You are viewing a plain text version of this content. The canonical link for it is here.
Posted to users@kafka.apache.org by Yonghui Zhao <zh...@gmail.com> on 2014/03/10 18:23:25 UTC

How kafka assign partition to stream

In my environment,  I have 2 brokers and only 1 topic,  each brokers has 10
partitions,
so there are 20 partitions in total.
I have 4 consumers in one consumer group,  each consumer use
createMessageStreams to create 10 streams, 40 streams in total.

Since partition can not be split,  so there are 20 streams are empty
streams.

We found 2 machines have 10 valid streams, but the other 2 have no valid
streams.
Is it expected?  Maybe each consumer has 5 valid streams is better for load
balance.

And I want to know if  one of the machines which have 10 valid streams is
dead,  will the the partitions be balanced to other machine dynamically?
 i.e. some empty stream in other machines will get data now.

Re: How kafka assign partition to stream

Posted by Guozhang Wang <wa...@gmail.com>.
Hi Yonghui,

In 0.8 the load balance logic in consumers is based on range partitioning
with consumer-id as {consumer-1-stream-1, consumer-1-stream-2, ...
consumer-1-stream-10, consumer-2-stream-1, ...} and partitions are assigned
to this list in round robin. So yes, this behavior is expected. If you are
going to live with 20 partitions in the near future I would recommend you
to reduce the number of partitions per machine to 5.
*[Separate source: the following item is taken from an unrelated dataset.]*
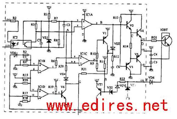 在M57962L輸入端13和14無(wú)電流時(shí),IC1截止,A點(diǎn)電位上升使IC2A的2腳變?yōu)榈碗娢唬瑒t使V3、V5導(dǎo)通,V2、V4截止。lGBT的門極(GATE)通過(guò)V5導(dǎo)通到VEE,而使IGBT關(guān)斷。IC2C的14腳輸出為低電平, 使V1、V7導(dǎo)通, 使IC2B、IC2D保持原先狀態(tài)不變。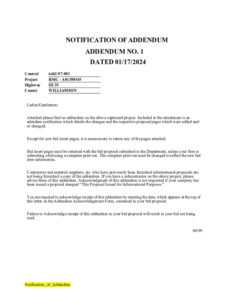 This document serves as an addendum notification for the project RMC - A01198545 IH 35, detailing changes and proposal pages that were added or altered in the bidding process.

To your second question the answer is Yes, the rebalance logic will be
triggered again (assuming consumer 1 is dead) but this time with consumer
list {consumer-2-stream-1, ...}, so for your case if just say the first one
is dead only the third one will get data, the forth one may still get zero
data.

Guozhang


On Mon, Mar 10, 2014 at 10:23 AM, Yonghui Zhao <zh...@gmail.com>wrote:

> In my environment,  I have 2 brokers and only 1 topic,  each brokers has 10
> partitions,
> so there are 20 partitions in total.
> I have 4 consumers in one consumer group,  each consumer use
> createMessageStreams to create 10 streams, 40 streams in total.
>
> Since partition can not be split,  so there are 20 streams are empty
> streams.
>
> We found 2 machines have 10 valid streams, but the other 2 have no valid
> streams.
> Is it expected?  Maybe each consumer has 5 valid streams is better for load
> balance.
>
> And I want to know if  one of the machines which have 10 valid streams is
> dead,  will the the partitions be balanced to other machine dynamically?
>  i.e. some empty stream in other machines will get data now.
>



-- 
-- Guozhang